8th Century BCE ruler of the Chinese vassal State of Cao

Duke Mu of Cao (8th Century BCE) (曹穆公 (Cáo Mù Gōng)) was the eleventh ruler of the vassal State of Cao during the Chinese Eastern Zhou dynasty (770 – 256 BCE) and Spring and Autumn period. Born Jī Wǔ (姬武), he was the son of Cáo Huìbó (曹惠伯). In 760 BCE, Duke Mu of Cao killed his elder brother Cáo Fèibó (曹廢伯/曹废伯) and appointed himself ruler of the State of Cao. He was the first ruler of the State of Cao to receive the posthumous title of "Duke" (公).

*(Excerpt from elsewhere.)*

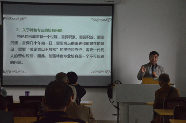 首先,袁祖社教授介紹了中國高等教育內(nèi)涵發(fā)展背景下“雙一流”工程建設(shè)。袁祖社教授強調(diào),內(nèi)涵式發(fā)展是高等教育的必然選擇,高等學(xué)校特色專業(yè)建設(shè)是優(yōu)化專業(yè)結(jié)構(gòu)、提高人才培養(yǎng)質(zhì)量、辦出專業(yè)水平和特色的重要措施,是實現(xiàn)內(nèi)涵式發(fā)展的有力保障。他重點介紹了國家級特色專業(yè)的基本內(nèi)涵、背景以及培育方略問題,認(rèn)為應(yīng)該從師資隊伍建設(shè)、資源保障、制度建設(shè)等方面促進(jìn)特色專業(yè)建設(shè)。
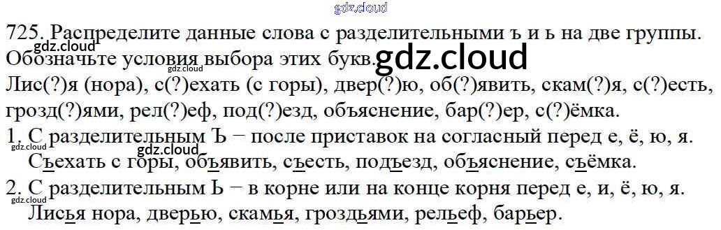 Ответ на задание 725 Учебник Русский язык за 5 (пятый) класс Баранов, Ладыженская, Тростенцова, Кулибаба, Григорян 2016, 2019 Часть 1, 2

Duke Mu of Cao State of Cao
Regnal titles
| Preceded byFeibo of Cao (曹廢伯/曹废伯) | Ruler of Cao 759–757 BC | Succeeded byDuke Huan of Cao (曹桓公) |

== Historical record ==
Duke Mu of Cao is only breifly mentioned in the Records of the Grand Historian. In its entirety:

三十六，惠伯卒，子石甫立，其弟武殺之代立，是為繆公 繆公三年卒，子桓公終生 立。
In the thirty-sixth year [of Huibo's reign], Huibo died and his son Shipu was instated. His younger brother Wu killed him and was instated instead, becoming known as Duke Mu. In the third year of Duke Mu, he died, and his son Duke Huang Zhongsheng was installed.